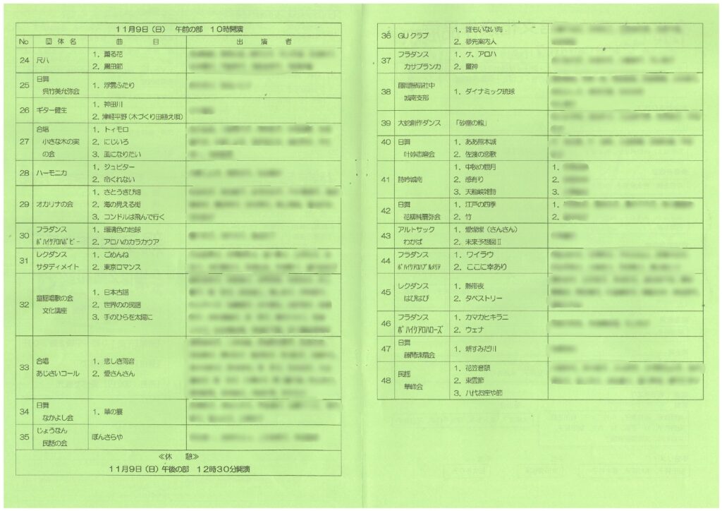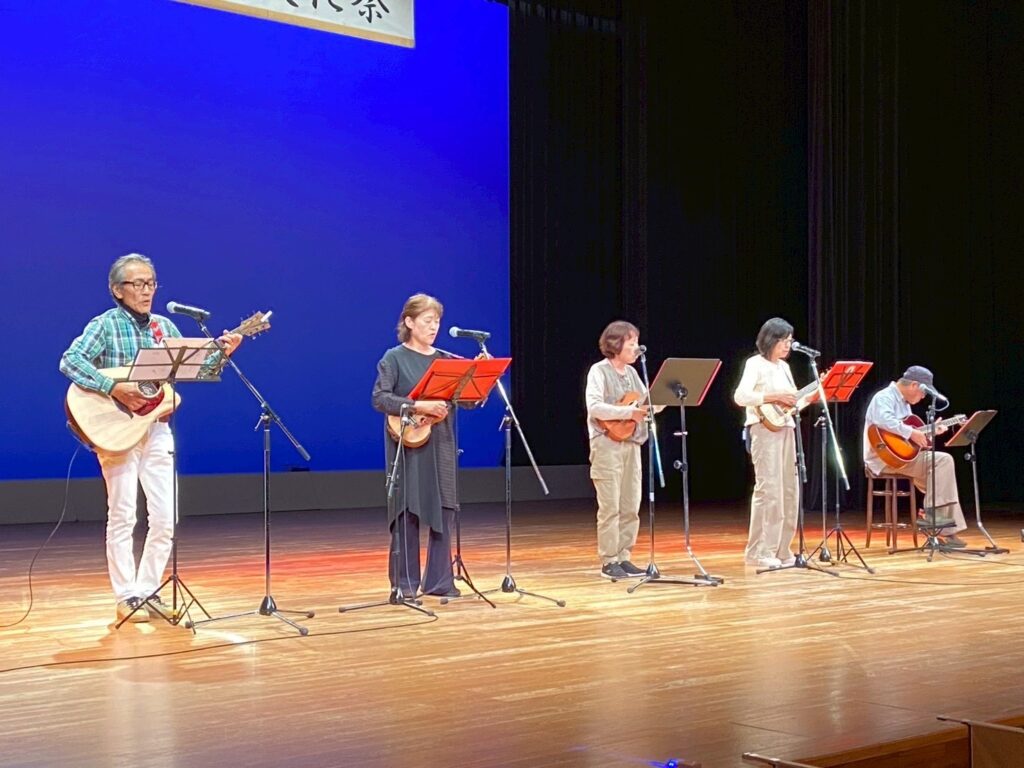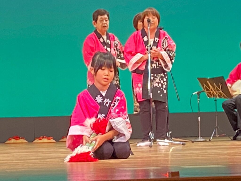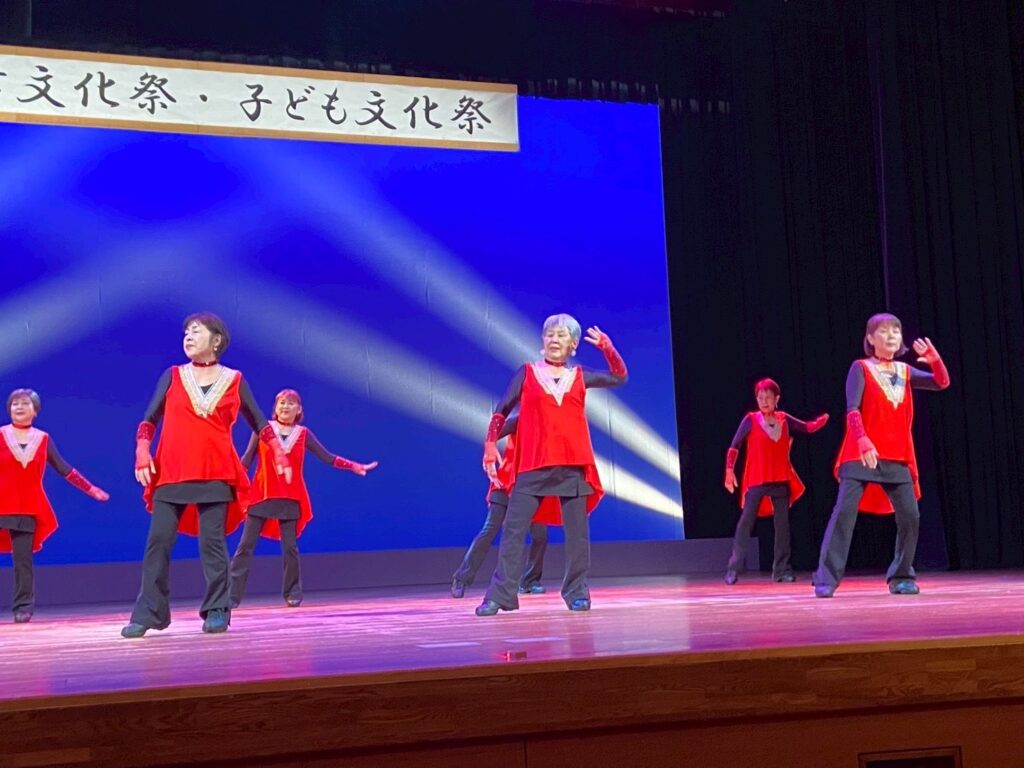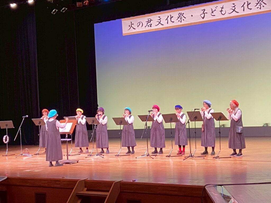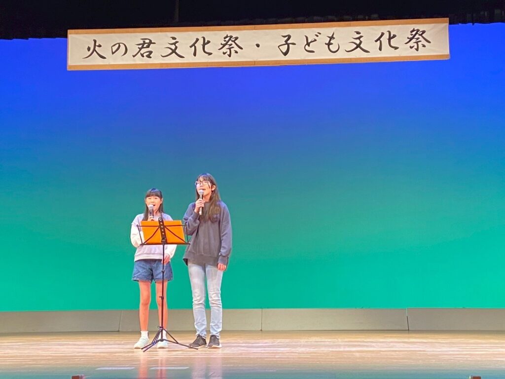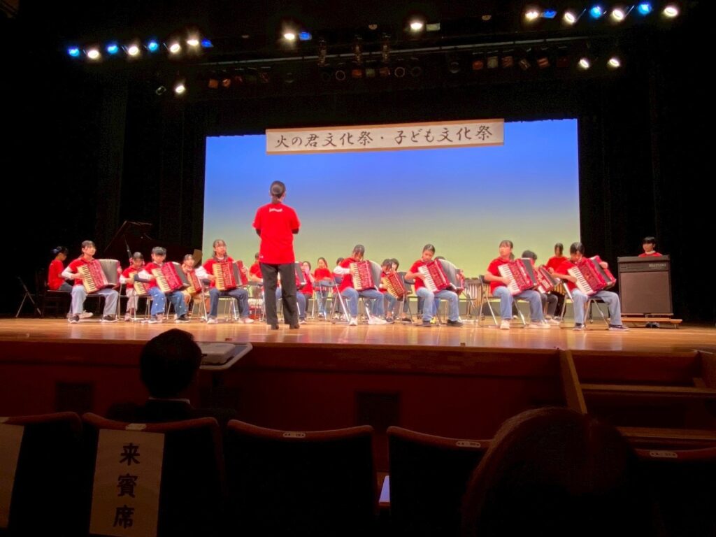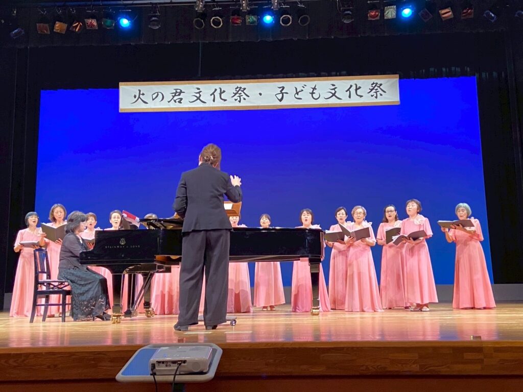 ステージ発表では、子ども文化祭として、保育園、こども園、幼稚園、小学校の園児・児童による合唱・器楽演奏・日舞・ダンスなど、火の君文化祭として、フラダンス・合唱・ギター・ウクレレ・フルート・ハーモニカ・大正琴・レクダンス・民謡・日舞・尺八・オカリナ・民話・創作ダンス・吟詠・サックスなど合計48組のパフォーマンスがありました。
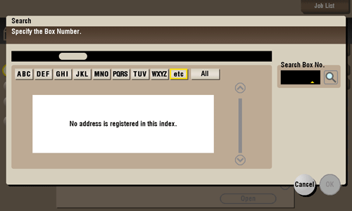 This window is used to search for a User Box. The User Boxes are displayed based on search characters you have specified during box registration.
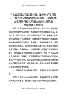 农业工程公司党委书记,董事长学习党的二十届四中全会精神的心得体会.docx
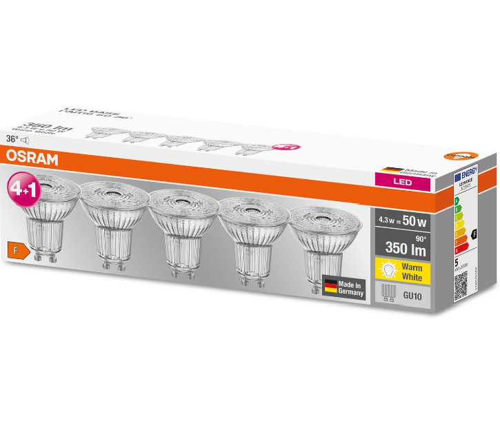 pack de 15 uds GU10 LED OSRAM STAR 4.3w 827
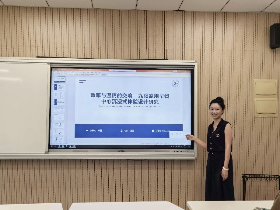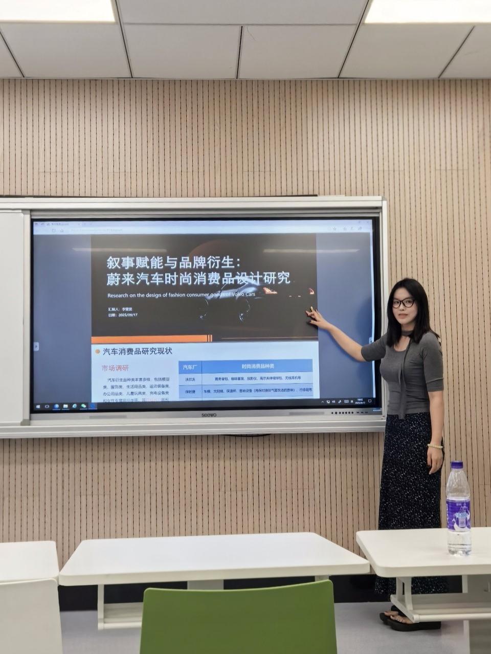 何倩楠同学在以《从 “感知重塑” 到 “体验共鸣:设计中叙事情感的传递机制与沉浸式体验构建路径》为题的汇报中聚焦叙事情感传递与沉浸式体验构建,旨在推动设计从功能载体升级为情感媒介。
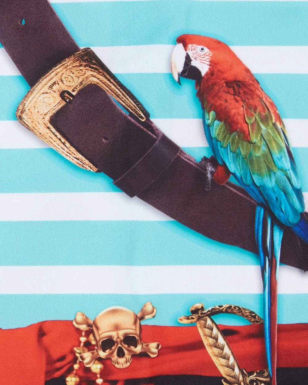 – Turquoise and white stripes; black, scarlet red, green, blue and orange pirate print
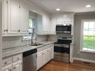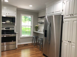 All cabinetry was sanded down and painted in crisp white. Pot lights were added in the ceiling for more improved lighting. New granite counter tops were installed, subway tile backsplash, new appliances and beautiful bamboo flooring.
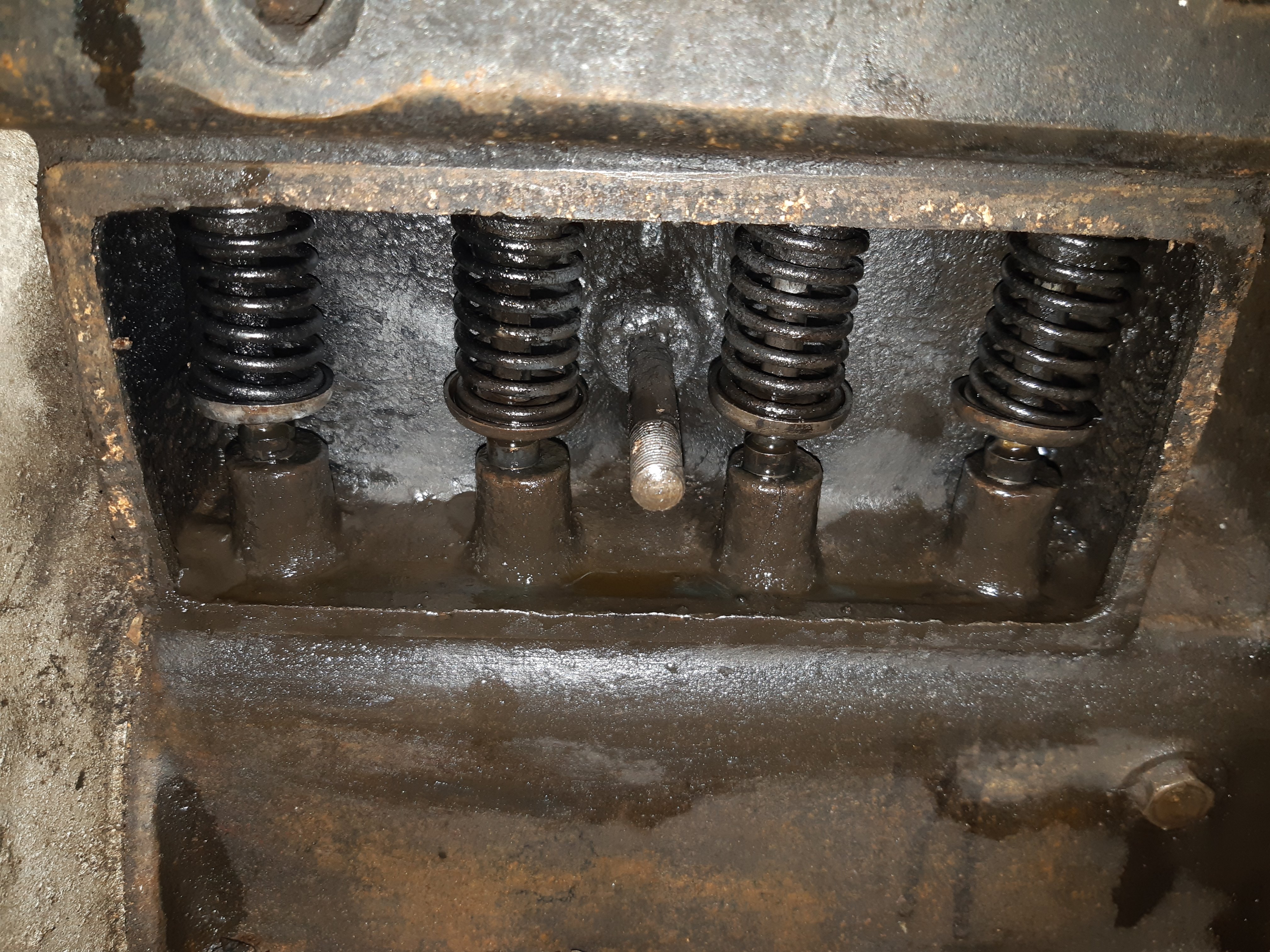 This engine had sat for 30 plus years and had almost no oil in the pan and was overall dry. Yet when I took off a valve cover out ran a couple ounces of black oily goo. There was oil trapped in the valve chambers.
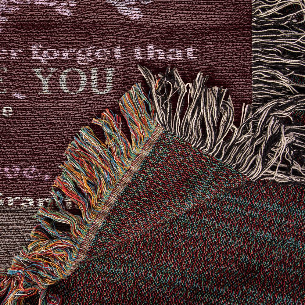 Create a unique keepsake with our Heirloom Woven Blanket. This piece is lovingly woven on a loom with cozy, 100% cotton yarn and features your unique design. This would make an ideal gift for your beloved partner, family members, or dear friends on special occasions like birthdays, anniversaries, or any event where you want to express your love and appreciation unforgettably.
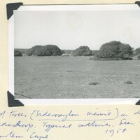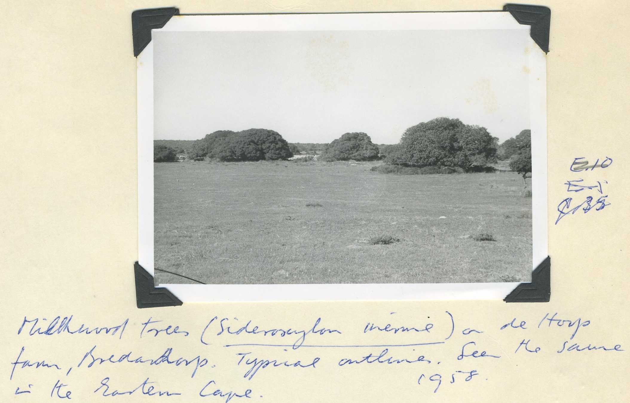 - Caption "Milkwood trees (Sideroxylon inerme) on de Hoop farm, Bredsdorp. Typical outline. See the same in the Eastern Cape. 1958."

::::

Restate every entry above word for word; no picture belongs in the copy.

 ステージ発表では、子ども文化祭として、保育園、こども園、幼稚園、小学校の園児・児童による合唱・器楽演奏・日舞・ダンスなど、火の君文化祭として、フラダンス・合唱・ギター・ウクレレ・フルート・ハーモニカ・大正琴・レクダンス・民謡・日舞・尺八・オカリナ・民話・創作ダンス・吟詠・サックスなど合計48組のパフォーマンスがありました。
 This window is used to search for a User Box. The User Boxes are displayed based on search characters you have specified during box registration.
 农业工程公司党委书记,董事长学习党的二十届四中全会精神的心得体会.docx
 pack de 15 uds GU10 LED OSRAM STAR 4.3w 827
 何倩楠同学在以《从 “感知重塑” 到 “体验共鸣:设计中叙事情感的传递机制与沉浸式体验构建路径》为题的汇报中聚焦叙事情感传递与沉浸式体验构建,旨在推动设计从功能载体升级为情感媒介。
 – Turquoise and white stripes; black, scarlet red, green, blue and orange pirate print
 All cabinetry was sanded down and painted in crisp white. Pot lights were added in the ceiling for more improved lighting. New granite counter tops were installed, subway tile backsplash, new appliances and beautiful bamboo flooring.
 This engine had sat for 30 plus years and had almost no oil in the pan and was overall dry. Yet when I took off a valve cover out ran a couple ounces of black oily goo. There was oil trapped in the valve chambers.
 Create a unique keepsake with our Heirloom Woven Blanket. This piece is lovingly woven on a loom with cozy, 100% cotton yarn and features your unique design. This would make an ideal gift for your beloved partner, family members, or dear friends on special occasions like birthdays, anniversaries, or any event where you want to express your love and appreciation unforgettably.
 - Caption "Milkwood trees (Sideroxylon inerme) on de Hoop farm, Bredsdorp. Typical outline. See the same in the Eastern Cape. 1958."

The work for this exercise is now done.